Play or Pay: The GDOL’s New Rule On Unemployment Claims

By: Jennifer Miller

GDOLIn 2011, the Trade Adjustment Assistance Extension Act of 2011(“TAAEA”) was signed into law.  Under section 252 of TAAEA, the federal government required states to enact stricter rules for employers’ responses to requests for information regarding unemployment claims.   Pursuant to TAAEA, states were to make the required changes by October 21, 2013.  In Georgia, the Georgia General Assembly failed to act by this deadline, forcing the Georgia Department of Labor (“GDOL”) to take action.  The result: a new rule, which the GDOL notified employers of on November 22, 2013.

The new rule can be found at Chapter 300-2-3-.05 of the Rules of Georgia Department of Labor.  As explained by the GDOL here, under the new rule:

An employer’s account shall be charged and may not be relieved of charges, regardless of whether the associated determination to pay benefits is later reversed on appeal or if an overpayment is established, if the employer or an agent of the employer was at fault for failing to respond timely or adequately to a departmental request of information relating to the claim with improper benefits and the employer or an agent of the employer also failed to timely or adequately respond during the previous twelve calendar months to any requested reports with respect to three (3) individual claims established.

In simple terms: employers must respond to the GDOL’s requests for information in a timely manner and with adequate information.  Failure to do so could result in an employer paying more and its experience rating, which is used to determine their tax assessment, being impacted.

Employers who are found to have violated this new rule should note that there is a small glimmer of hope as employers can appeal the GDOL’s determination that they failed to timely or adequately respond.  However, the burden on an appealing employer is high.

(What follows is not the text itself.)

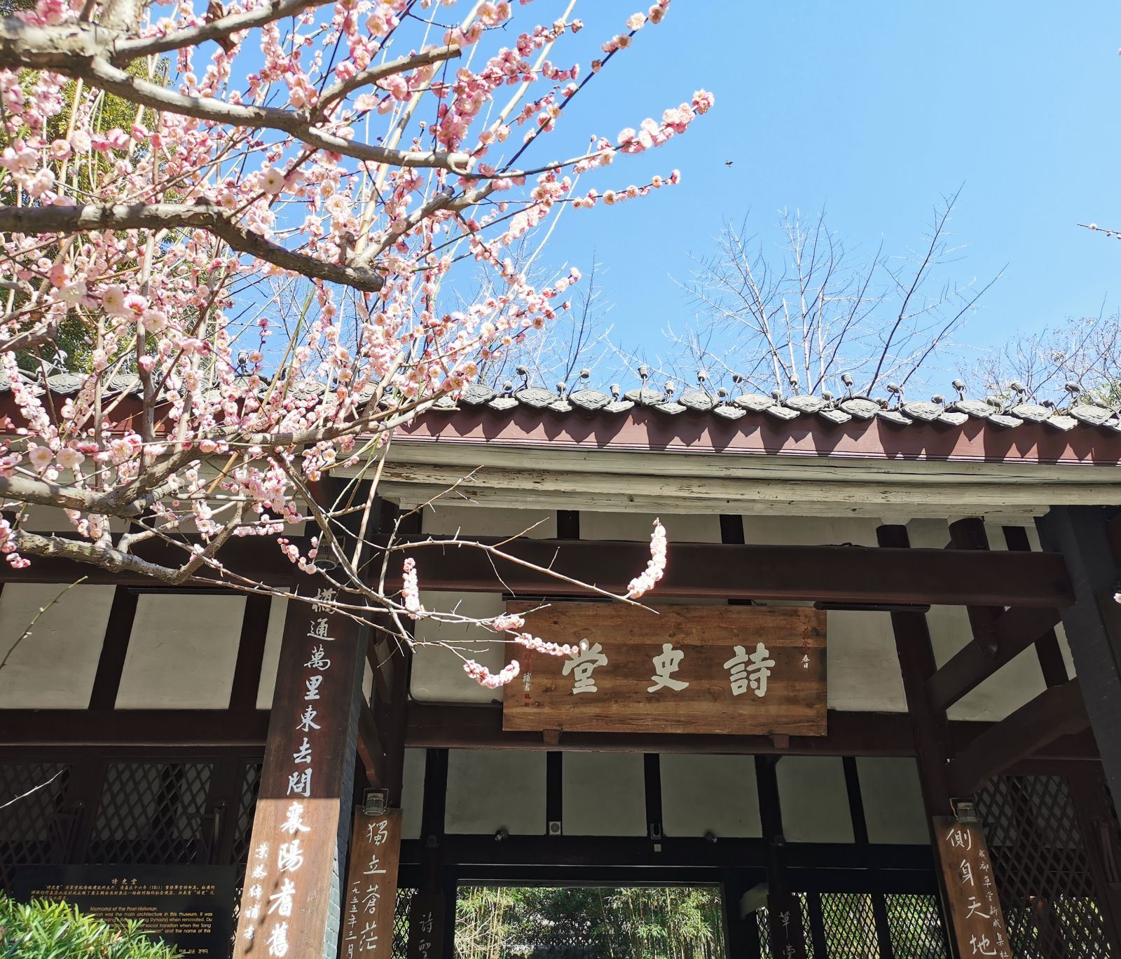 杜甫草堂作为杜甫曾经的栖居地,杜甫草堂已成为很多文人雅士朝拜的地方,园内梅花翠竹交相辉映,暗吐芬芳,从远处忽而飘来一阵悠扬琴音,绝对是一幅绝美的“雪里香梅”的画卷。

When challenging the GDOL’s determination that a response was untimely, to succeed on appeal, an employer must show: (a) the written request for information was mailed to an incorrect employer address; or (b) proof that the response was provided prior to the deadline.  When challenging a determination that a response was inadequate an employer or their agent must show their response was complete and provided all information requested.  Employers who establish “substantial good cause,” as explained in the new rule, can also avoid the effects of the new rule.

While employers should take this new rule seriously, it is also worth noting that this rule may not be here to stay.  As even noted by the GDOL the Georgia General Assembly must enact conforming legislation in order for this rule to remain in effect.  Accordingly, the Georgia General Assembly could change this rule or provide employers with more guidance during the upcoming legislative session, which is slated to start January 13, 2014.  Until then, employers and their agents should be careful to provide timely and adequate responses to all requests for information from the GDOL.